- THE TASK -
Give again, exactly as written, the lines of the records below from the line with "El presidente de" to the line with "a tray with". Both end lines count; pictures do not.

- LISTED RECORDS -
* * *

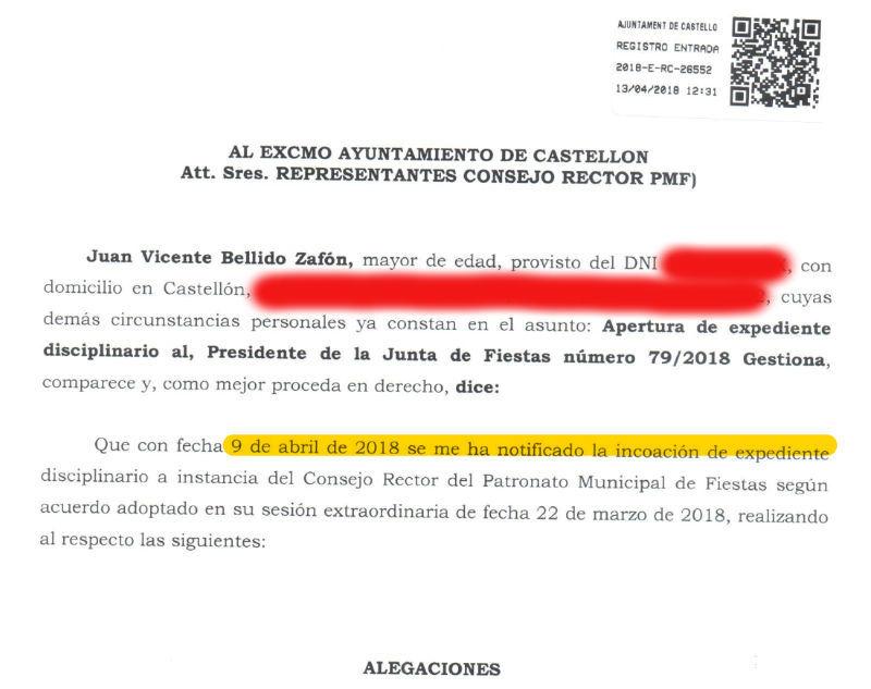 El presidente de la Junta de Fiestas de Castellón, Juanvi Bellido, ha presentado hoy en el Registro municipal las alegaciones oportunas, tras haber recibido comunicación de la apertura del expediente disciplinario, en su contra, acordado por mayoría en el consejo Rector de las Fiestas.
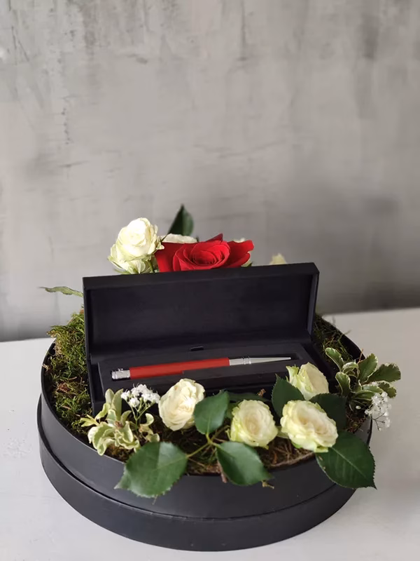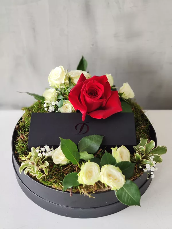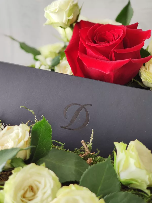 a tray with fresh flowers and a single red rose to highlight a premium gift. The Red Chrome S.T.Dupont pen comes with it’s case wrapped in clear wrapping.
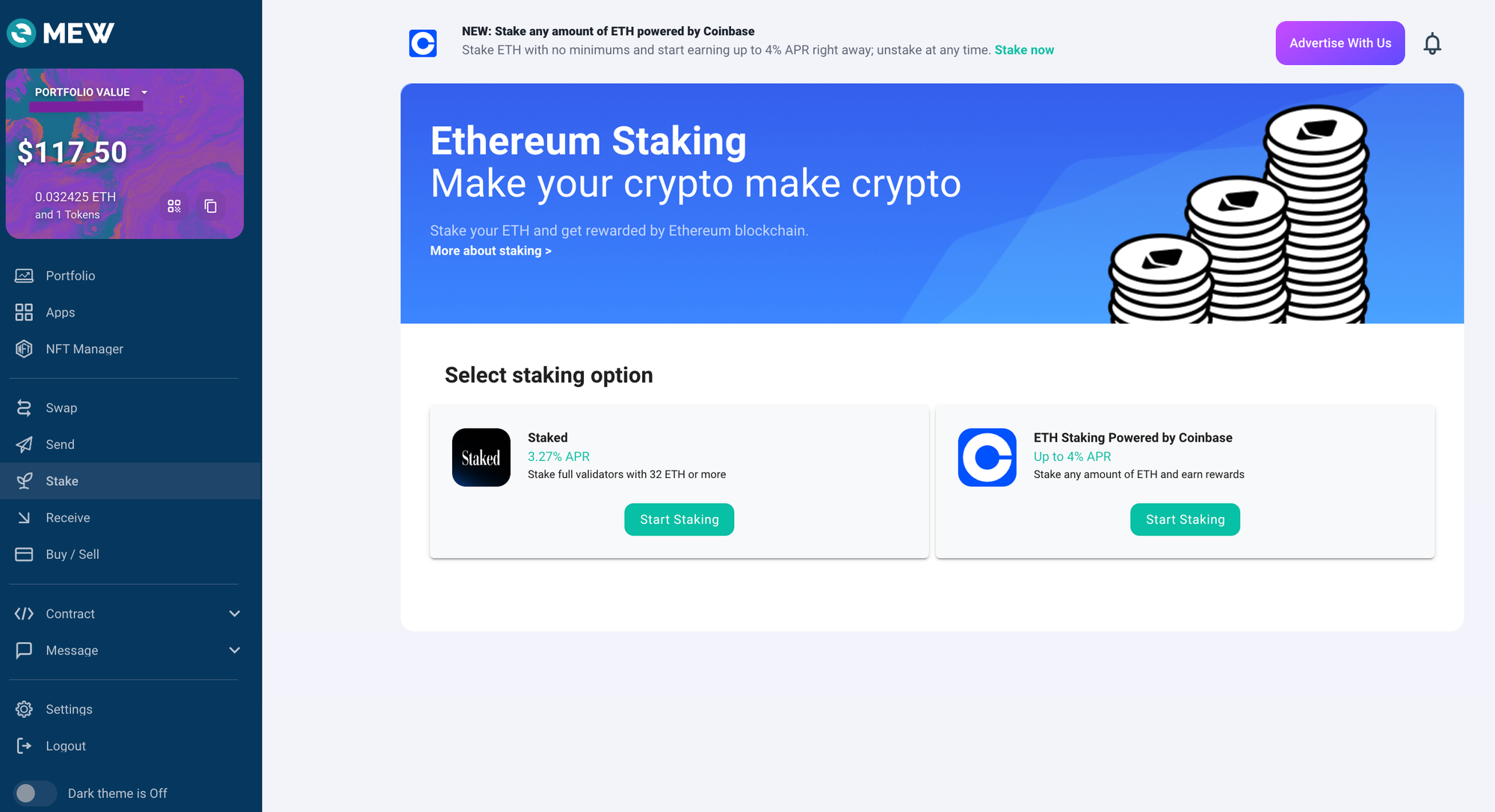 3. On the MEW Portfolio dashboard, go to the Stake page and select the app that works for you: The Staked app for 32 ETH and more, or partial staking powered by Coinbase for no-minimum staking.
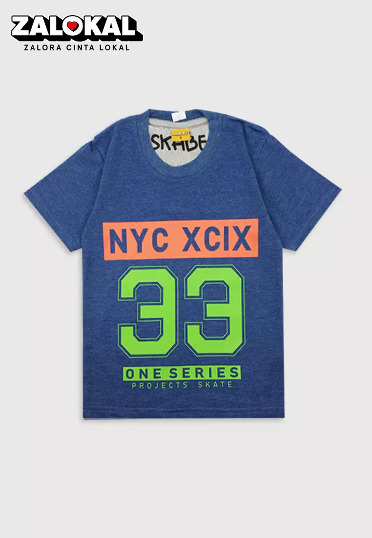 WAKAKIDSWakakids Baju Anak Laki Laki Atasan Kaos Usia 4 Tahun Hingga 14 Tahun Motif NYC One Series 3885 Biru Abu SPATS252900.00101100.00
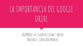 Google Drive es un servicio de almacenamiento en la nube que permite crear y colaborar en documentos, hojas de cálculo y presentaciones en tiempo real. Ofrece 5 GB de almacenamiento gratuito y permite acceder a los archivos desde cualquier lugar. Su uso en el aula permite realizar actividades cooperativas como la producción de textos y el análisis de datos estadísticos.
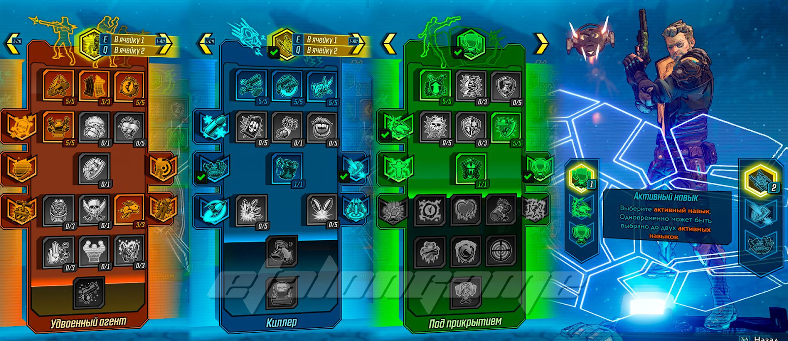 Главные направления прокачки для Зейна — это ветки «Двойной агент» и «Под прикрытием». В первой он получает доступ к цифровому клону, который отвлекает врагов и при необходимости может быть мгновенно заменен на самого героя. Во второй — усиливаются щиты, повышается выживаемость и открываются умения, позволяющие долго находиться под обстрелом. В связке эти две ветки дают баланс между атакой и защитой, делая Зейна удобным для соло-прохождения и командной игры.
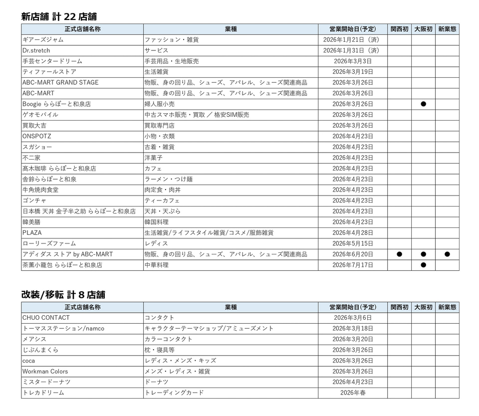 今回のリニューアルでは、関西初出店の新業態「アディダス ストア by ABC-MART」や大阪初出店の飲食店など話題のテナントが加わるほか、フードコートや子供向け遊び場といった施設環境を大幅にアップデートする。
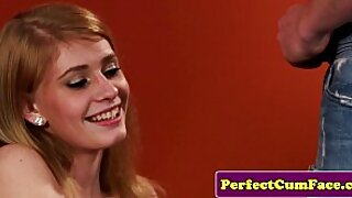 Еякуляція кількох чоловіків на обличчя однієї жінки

* * *

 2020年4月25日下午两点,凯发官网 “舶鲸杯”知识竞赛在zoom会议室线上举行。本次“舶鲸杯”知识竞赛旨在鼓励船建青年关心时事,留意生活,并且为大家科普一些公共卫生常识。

* * *

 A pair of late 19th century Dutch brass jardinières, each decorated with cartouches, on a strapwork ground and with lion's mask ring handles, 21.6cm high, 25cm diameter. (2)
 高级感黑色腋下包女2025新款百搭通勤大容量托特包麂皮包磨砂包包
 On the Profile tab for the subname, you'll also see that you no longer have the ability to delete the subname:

* * *

- SOLUTION TO THIS PROBLEM -
 El presidente de la Junta de Fiestas de Castellón, Juanvi Bellido, ha presentado hoy en el Registro municipal las alegaciones oportunas, tras haber recibido comunicación de la apertura del expediente disciplinario, en su contra, acordado por mayoría en el consejo Rector de las Fiestas.
 a tray with fresh flowers and a single red rose to highlight a premium gift. The Red Chrome S.T.Dupont pen comes with it’s case wrapped in clear wrapping.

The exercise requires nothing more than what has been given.